[Start of section]

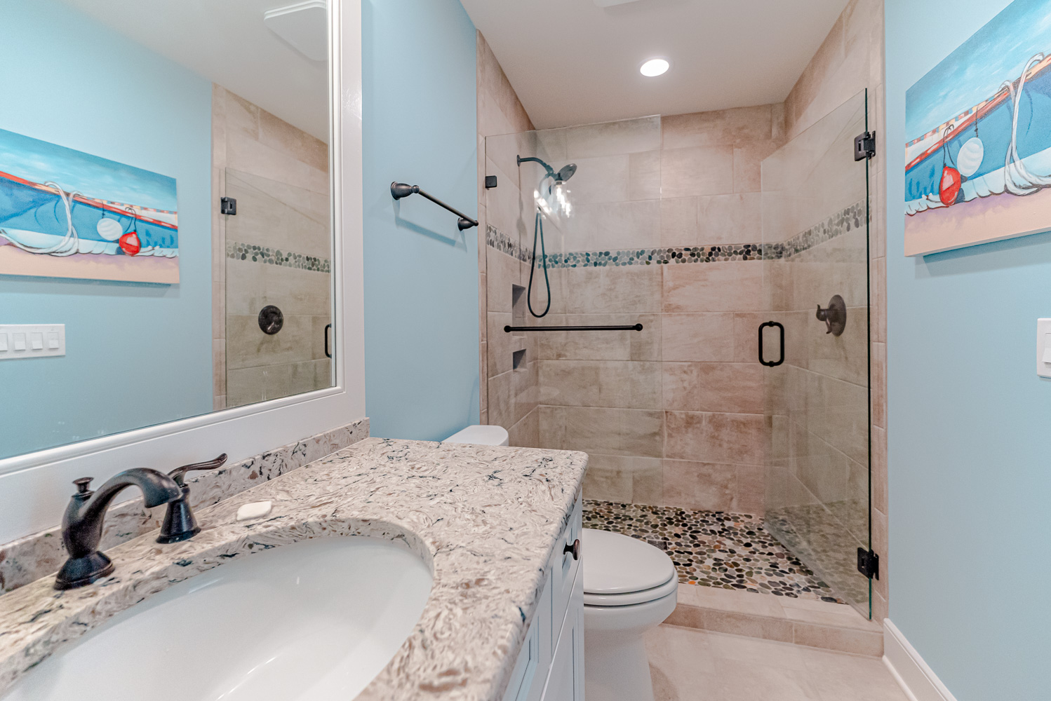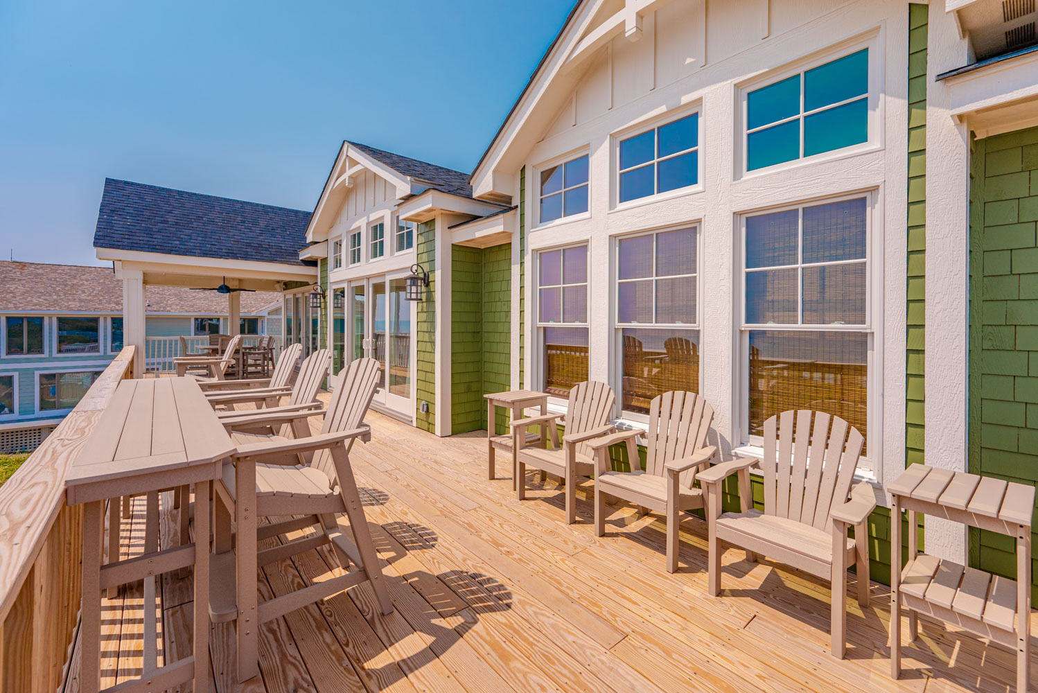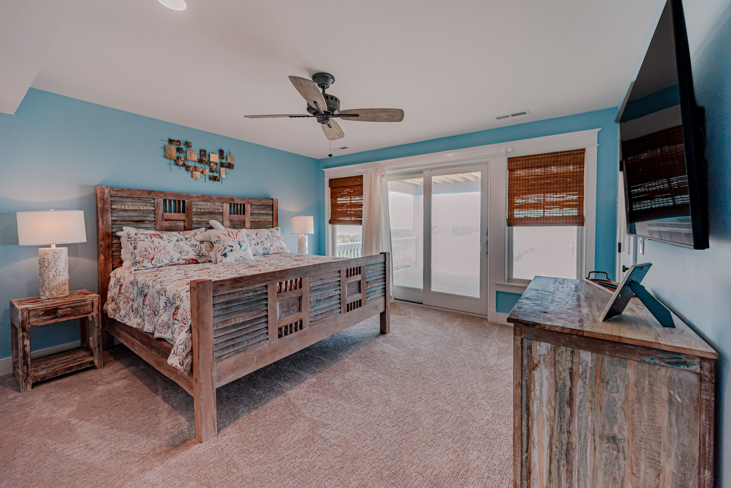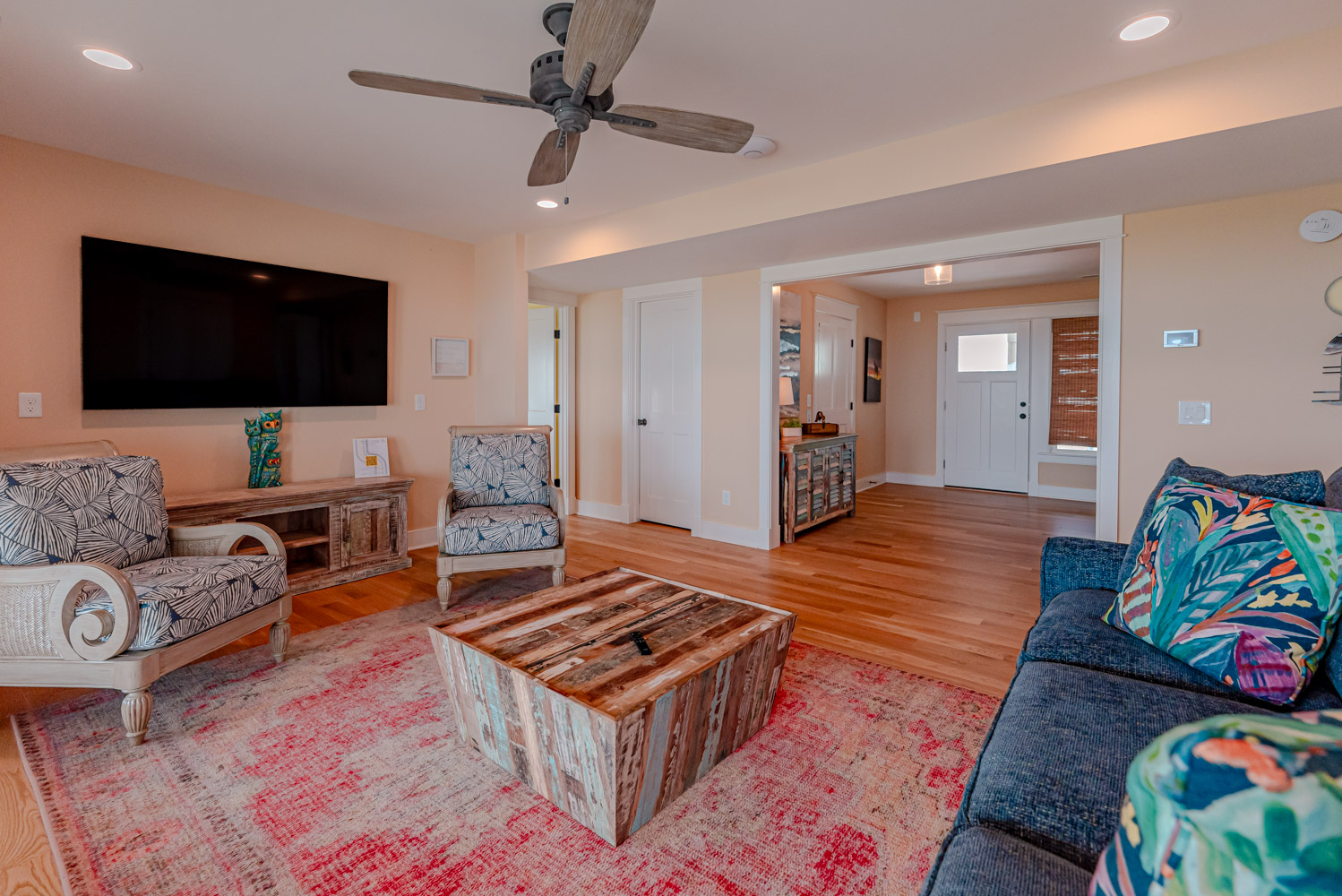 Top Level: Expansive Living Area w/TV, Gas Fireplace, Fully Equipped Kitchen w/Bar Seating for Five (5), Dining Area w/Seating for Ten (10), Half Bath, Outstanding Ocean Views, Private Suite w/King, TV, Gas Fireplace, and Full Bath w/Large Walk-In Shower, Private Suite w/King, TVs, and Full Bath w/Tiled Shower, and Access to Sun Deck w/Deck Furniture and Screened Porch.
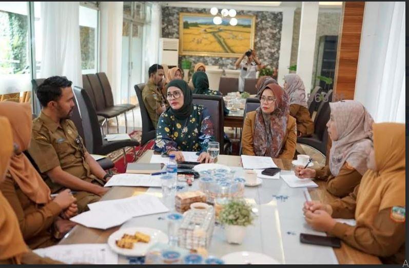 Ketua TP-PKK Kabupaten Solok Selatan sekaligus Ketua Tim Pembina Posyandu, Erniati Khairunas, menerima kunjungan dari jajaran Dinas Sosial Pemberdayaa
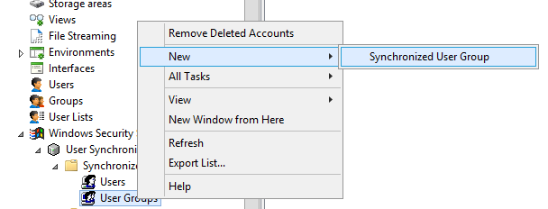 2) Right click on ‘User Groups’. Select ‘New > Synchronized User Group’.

[End of section]
[Start of section]

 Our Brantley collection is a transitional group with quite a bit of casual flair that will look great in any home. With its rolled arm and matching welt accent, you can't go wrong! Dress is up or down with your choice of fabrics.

[End of section]

Could you write out exactly the lines of the data above that run from the one holding "Top Level: Expansive" to the one holding "2) Right click", with both ends in and all pictures out?

▸ **Written solution**:
 Top Level: Expansive Living Area w/TV, Gas Fireplace, Fully Equipped Kitchen w/Bar Seating for Five (5), Dining Area w/Seating for Ten (10), Half Bath, Outstanding Ocean Views, Private Suite w/King, TV, Gas Fireplace, and Full Bath w/Large Walk-In Shower, Private Suite w/King, TVs, and Full Bath w/Tiled Shower, and Access to Sun Deck w/Deck Furniture and Screened Porch.
 Ketua TP-PKK Kabupaten Solok Selatan sekaligus Ketua Tim Pembina Posyandu, Erniati Khairunas, menerima kunjungan dari jajaran Dinas Sosial Pemberdayaa
 2) Right click on ‘User Groups’. Select ‘New > Synchronized User Group’.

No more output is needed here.